Specifically, the azimuth echo signal after the distance compression can usually adopt a linear frequency modulation signal model, so that an echo doppler frequency modulation rate estimation can be obtained by adopting a matched filtering processing method, and further the azimuth speed of the moving target can be obtained.

Further, for accurate relocation of the moving target on the processed multi-channel SAR image, the relative offset of the moving target on the SAR image needs to be calculated, and the offset of the moving target on the SAR image is not only related to the target radial velocity (traditional location), but also related to the moving target azimuth velocity, the yaw angle compensation residue and the topographic elevation map.

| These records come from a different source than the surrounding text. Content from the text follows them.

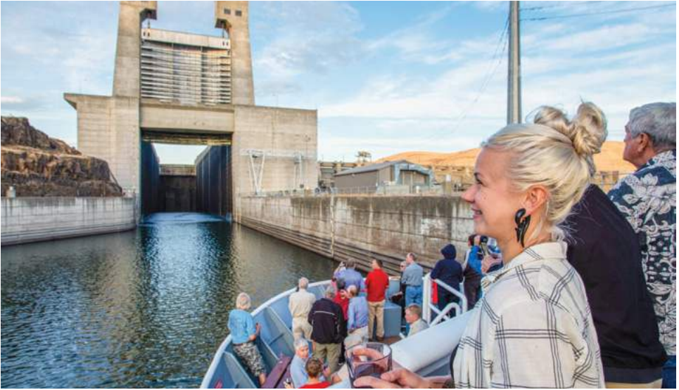
Guests take in the view as they approach Ice Harbor Lock and Dam, Lower Snake River in southeastern Washington.

in the art at local galleries, sampling sweets at the country's #1 candy store, or popping into cozy tasting rooms. (B,L,D)
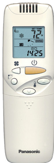
Wireless Remote Height 6-15/16", Width 2-7/16"

Wireless Remote for MT and MD Type Units
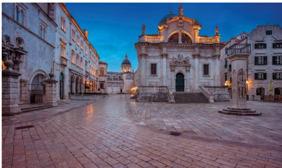
Dubrovnik's historic architecture

Roman, Byzantine, Hungarian and Venetian. Many intact buildings survive from the 13th – 15th centuries, including the splendid cathedral of Saint Lawrence, the Venetian Loggia, and the Cippico Palace, as well as several houses in Gothic and Renaissance styles. On the way back to Split, we will visit the Mestrovic Gallery, the villa of Ivan Mestrovic, Croatia's premier sculptor. Sited beautifully by the sea, the villa contains a permanent collection of his work. Spend the afternoon at leisure to enjoy and explore Split on your own.

Referring to fig. 2, fig. 2 is a moving target imaging geometric diagram of an improved SAR-GMTI moving target relocation method provided in an embodiment of the present invention, and meanwhile, considering a moving target radial velocity, a moving target azimuth velocity, a yaw angle compensation residue, and a terrain elevation diagram, an accurate expression of a slope distance is:

wherein R is _B For a moving target the true nearest slope, y, on the SAR image ₀ Is R _B Projection in the azimuthal direction, R ₀ Is R _B Projection on a zero Doppler plane, v _p Is the platform velocity, v _r Is the moving target radial velocity;

where θ is the down viewing angle, θ _yaw H is the platform height, and H is the height of the position of the moving target relative to the SAR image reference point, namely the target elevation.

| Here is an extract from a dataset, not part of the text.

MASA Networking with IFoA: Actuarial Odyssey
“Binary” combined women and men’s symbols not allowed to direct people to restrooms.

Considering the influence of azimuth speed, yaw angle compensation residue and a terrain elevation map of the moving target, the slope distance of the moving target can be written as follows:

/>

wherein, the first and the second end of the pipe are connected with each other,

assuming that the target is a slow target and does not generate doppler blur, the signal model represented by the above formula is transformed into a two-dimensional frequency domain according to the Principle of Stationary Phase (PSP), that is, the distance-azimuth two-dimensional frequency domain signal after distance compression is:

wherein σ _s For moving target backscattering coefficient, P (f) is the distance packageFourier transform of the network, ω (t) _m ) As a function of the azimuth window, c is the speed of light, f is the range frequency, f _a Is the azimuth frequency, f _c Is the carrier frequency;

the two-dimensional optimal matching reference function of the two-dimensional echo signal of the moving target echo is as follows:

wherein, W _r (f,f _a ) The two-dimensional frequency domain window function is adopted, the frequency domains are multiplied, and the signal frequency domain after the quadratic term is eliminated is as follows:

fourier Transform (IFT) is a time domain signal, and the imaging result after the two-dimensional compression of the moving target signal is obtained is as follows:

/>

wherein t is the fast time of the distance, t _m For azimuth slow time, G is the range pulse pressure gain, A is the azimuth compression gain, Δ B is the signal bandwidth, B _D Is the target doppler bandwidth;

from the imaging offset of the moving target in the above formula, the precise repositioning formula of the present invention is as follows:

wherein the content of the first and second substances,

v′ _r is an equivalent radial velocity, x _d For the imaging azimuth position, R, of the moving target on the SAR image _d The corresponding slant distance is increased for the position of the moving target on the SAR image, namely imagingAnd (4) slope distance.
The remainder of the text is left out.